Desoneração da folha de pagamento pode não garantir competitividade para indústria

A desoneração setorial da folha de pagamento pode não ter a eficácia necessária para aumentar a competitividade da indústria, na visão do diretor-técnico do Departamento Intersindical de Estudos Socioeconômicos (Dieese), Clemente Ganz Lúcio. A medida está entre as anunciadas no início de agosto pelo governo federal, dentro do plano Brasil Maior, e contempla alguns ramos que empregam uma quantidade maior de mão de obra, como o têxtil e o moveleiro.

A intenção do governo com a nova política industrial é aumentar a capacidade do setor no país de concorrer com a produção de outros países, especialmente os asiáticos. A desoneração foi um dos itens incluídos por pressão de empresários, que atribuem aos encargos que incidem sobre a folha de pagamento a responsabilidade pela perda de competitividade de bens de consumo manufaturados no Brasil. A alegação é de que países como a China têm, no baixo custo de mão de obra, um dos fatores para conseguir vender mais barato. O que o economista do Dieese sustenta é que a conta pode não ser tão simples.

Para Ganz Lúcio, que nesta quarta-feira (24) participa de seminário sobre tributação, em São Paulo, os efeitos da desoneração da folha, se vierem, demorarão algum tempo para serem sentidos. Isso porque qualquer alteração em aspectos tributários têm resultados mais complexos, sem proporcionar efeitos diretos. “O movimento pode criar uma ´intensidade de impacto´, mas não ajudar como se espera na (ampliação da) competividade.” Ele explicou que ainda é cedo para avaliar a medida na estrutura tributária das empresas.

O diretor-técnico do Dieese avalia ainda que “medidas parciais” como a anunciada no início do mês podem trazer riscos para a discussão da reforma tributária como um todo. “Ela (a reforma) está sendo dividida em pedaços. Temos de olhar para o assunto de forma ampla, sem excluir nenhum ponto.” Ele disse que é preciso evitar que o debate chegue ao Congresso “já distorcido”.

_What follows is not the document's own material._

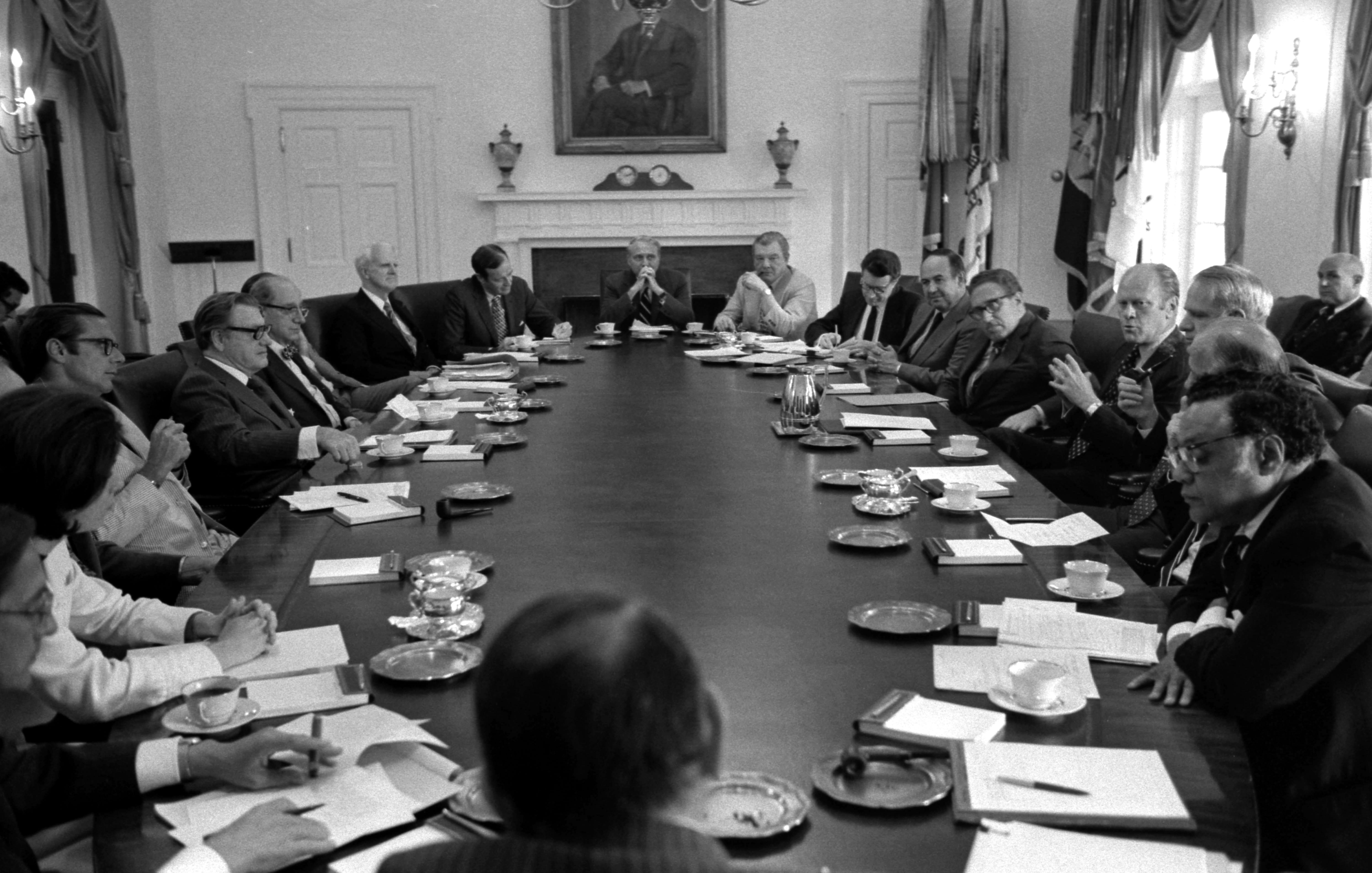 President Gerald Ford meets with his Cabinet

Uma das principais preocupações é que a fragmentação provoque efeitos danosos à seguridade social. O Brasil Maior transferiu da folha de pagamento para um tributo sobre o lucro líquido da indústria a contribuição patronal para o Instituto Nacional do Seguro Social (INSS). A medida pode representar riscos para as contas da Previdência Social.

Apesar dessa possibilidade, o presidente do Instituto de Pesquisa Econômica Aplicada (Ipea), Marcio Pochmann, disse acreditar que a fórmula encontrada para a desoneração abre caminho para debater o impacto sobre a Previdenciária Social. A avaliação é de que há espaço para se criar mais contrapartidas.

Para ele, as exigências tanto sociais como econômicas são “questões muito importantes para que haja uma equalização” na estrutura tributária. Ao lado do movimento sindical, o Ipea fará parte da equipe que vai acompanhar a implementações das medidas previstas no Brasil Maior.

Crise
A respeito da crise internacional, Pochmann acredita que o país está em um momento diferente do que em 2008. Há três anos, o governo adotou uma postura “menos ativa” em relação ao cenário internacional, segundo o economista. A opção foi estimular as famílias a manterem seu padrão de consumo como forma de manter a economia aquecida. “Em 2008, estávamos indo contra a maré e acelerando, enquanto o mundo desacelerava”, lembrou.

Os trunfos atuais, segundo ele, são o fortalecimento do mercado interno e o reconhecimento internacional que o país conquistou nos últimos anos. “É um excelente momento para o Brasil, este em que vemos a queda de ações de diversas empresas multinacionais. Agora podemos fortalecer especialmente os laços no Mercosul e também fora dele”, afirma Pochmann.